**INSTRUCTIONS FOR THE TASK**. Copy each line of the records below that has "were" in it.

Stored records:

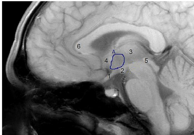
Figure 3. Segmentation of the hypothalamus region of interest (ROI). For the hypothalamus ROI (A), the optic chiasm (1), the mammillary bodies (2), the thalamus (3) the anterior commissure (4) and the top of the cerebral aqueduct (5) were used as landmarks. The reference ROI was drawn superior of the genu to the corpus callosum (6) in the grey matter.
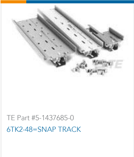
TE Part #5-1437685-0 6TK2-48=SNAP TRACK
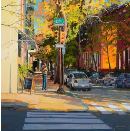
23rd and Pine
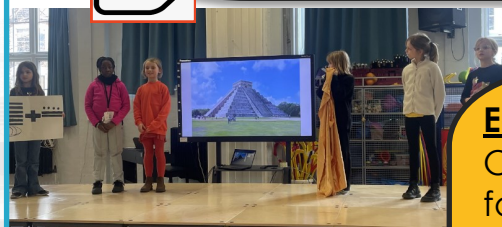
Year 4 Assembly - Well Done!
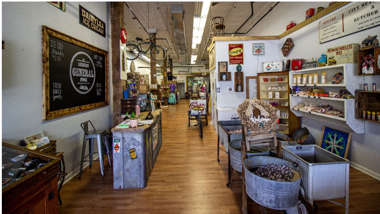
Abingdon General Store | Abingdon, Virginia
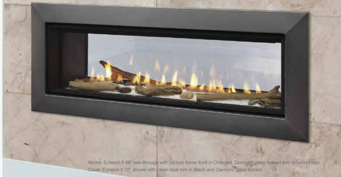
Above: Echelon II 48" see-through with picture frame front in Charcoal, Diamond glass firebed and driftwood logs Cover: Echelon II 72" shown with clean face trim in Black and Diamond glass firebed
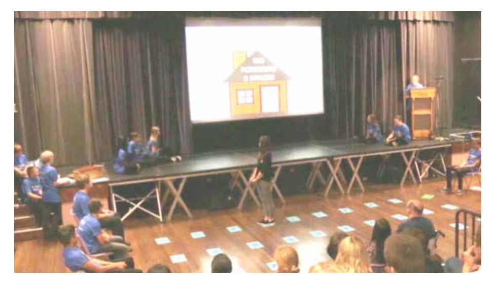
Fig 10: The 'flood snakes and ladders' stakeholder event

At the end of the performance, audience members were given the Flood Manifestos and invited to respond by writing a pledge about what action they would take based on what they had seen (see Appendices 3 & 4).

**SOLUTION**.
Figure 3. Segmentation of the hypothalamus region of interest (ROI). For the hypothalamus ROI (A), the optic chiasm (1), the mammillary bodies (2), the thalamus (3) the anterior commissure (4) and the top of the cerebral aqueduct (5) were used as landmarks. The reference ROI was drawn superior of the genu to the corpus callosum (6) in the grey matter.
At the end of the performance, audience members were given the Flood Manifestos and invited to respond by writing a pledge about what action they would take based on what they had seen (see Appendices 3 & 4).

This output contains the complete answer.